Now, as he sipped a Dutch beer alone at the bar, he reflected on all the places they’d seen-St. Thomas, St. Maarten, Nassau-and how much Cathy had loved every minute of the cruise so far.

This had been one of the best times of their lives.

“So we meet again, Tippert.”

A rugged-faced man in his mid-sixties took the stool next to him.

“Hey there, captain.”

Jimmy Stokes, a retired car dealer from Fort Worth, Texas, had been joining him at the bar around the same time every day. Roger liked their conversations on sports, politics, history and life in general. Jimmy was vacationing alone. His wife had died of a stroke five years back. They never had any children and Jimmy was genuinely happy for Roger’s situation.

“Sounds like you got things set just right on the home front, son.”

Stokes was also a Vietnam vet, who did two tours over forty years ago. After he started into a beer, he opened up to Roger about his time there. “Funny,” Stokes said. “For years I couldn’t tell anybody about the god-awful things I’d seen when I was in the shit.”

Stokes would gaze out at the sea as if something evil waited at the far side of the ocean. Today, Jimmy wanted to talk about 1968. Roger hadn’t even been born then.

“Do you know about the battle of Khe Sanh, son?”
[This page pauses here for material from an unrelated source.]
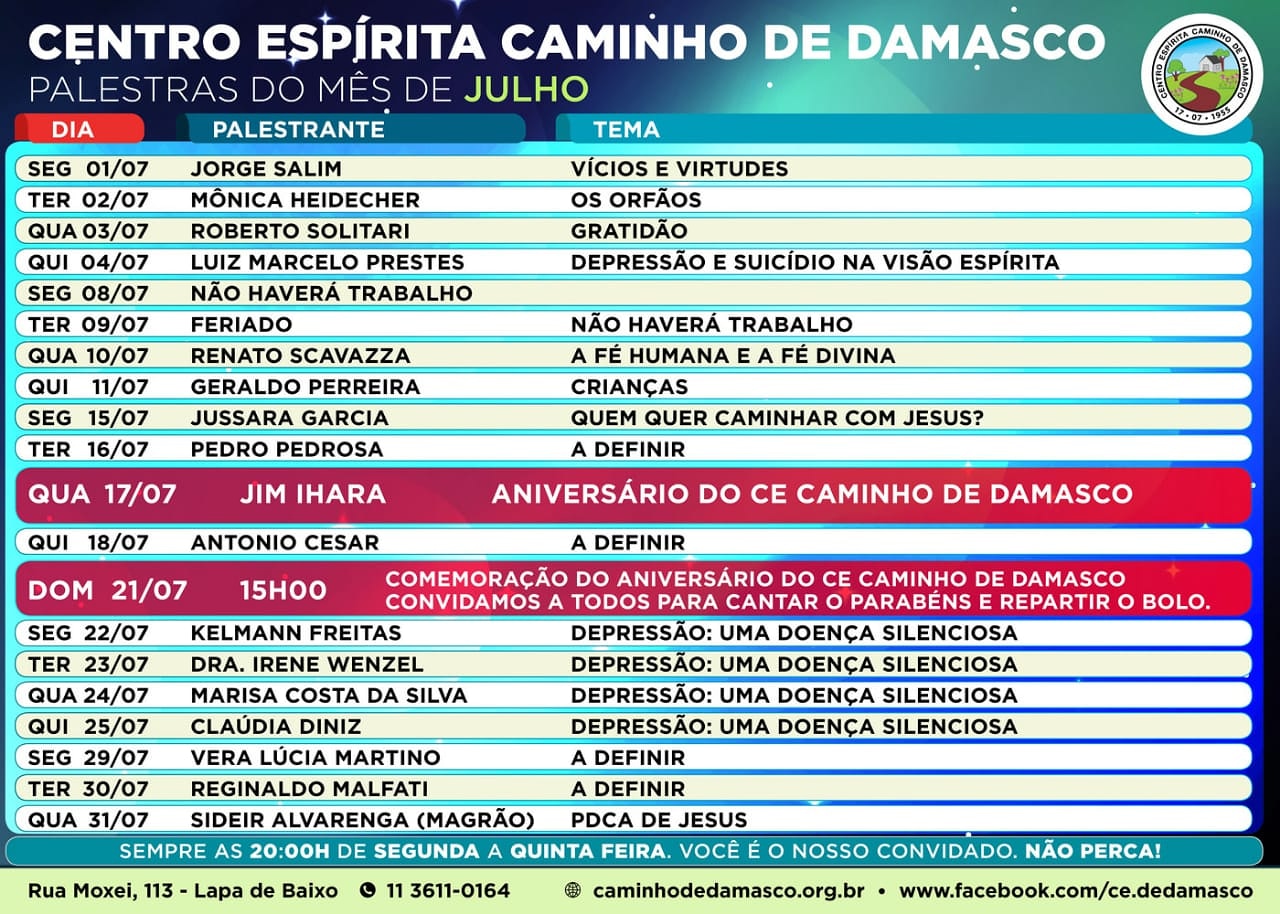 O Centro Espírita Caminho de Damasco promove a partir da próxima segunda-feira (22/072) até quinta-feira(25/07) às 20 horas, as palestras "Depressão, uma doença silenciosa". O evento será realizado à rua Moxel, 113 - Lapa de Baixo. No dia 22 teremos a participação do colega APF Kelmann Freitas desenvolvendo o tema: "Depressão e agora?".

Tippert only knew what he’d seen on the History Channel.

“Well I was there.” Stokes pulled on his beer then started his story. “We was in Quang Tri Province…”

Roger spasmed.

He dropped his beer and the glass shattered on the floor.

His fingertips tingled. Gooseflesh rose on his skin.

“What’s the matter, son?”

It felt like a switch had been thrown, his brain pulsated and his tongue started to swell. It wouldn’t stop swelling.

Oh, God-can’t breathe!

“Is everything all right?” a bartender asked.

“Call the ship’s doctor!” Stokes said. “My friend’s going into some kind of shock or seizure!”

Clawing at his throat, Roger fell to the floor.

“Son, take it easy!”

Roger didn’t notice the alarmed people who’d gathered around him. His insides were on fire. He was burning up. His breathing was tortured. His vision blurred. His hearing felt like he was underwater. His panicked heartbeat was deafening.

Oh, Christ! Somebody help me!

The pressure was increasing as if something was trying to explode from him.

He convulsed.

Something hot oozed from his mouth, his nose, his ears.

He touched it.

Blood.

Jesus!

The pressure. No, please-stop the pressure! His brain was expanding. His head was swelling.

“Dammit! Is anybody here a doctor?” Stokes shouted.

Stokes was holding Roger just as he’d held his Marine friends in the mud at Khe Sanh, and he watched in disbelief as Roger Tippert’s blood-laced face contorted.

“What the good goddamn?”

In all his time in Vietnam, Stokes had never witnessed anything like this. Tippert screamed as his eyes melted into bloody pools that overflowed down the sides of his face. His abdomen gurgled as if his organs were boiling in his stomach.

Then his heart stopped.

Two decks below the spot where he died, Roger Tippert’s wife, Cathy, was exchanging e-mail addresses with a friendly woman she’d met from Indianapolis, whose husband worked for the Colts’ administration.

“I can get you a deal on tickets for your husband,” the woman said.

“His birthday’s coming up,” Cathy said. “Roger’s going to love this.”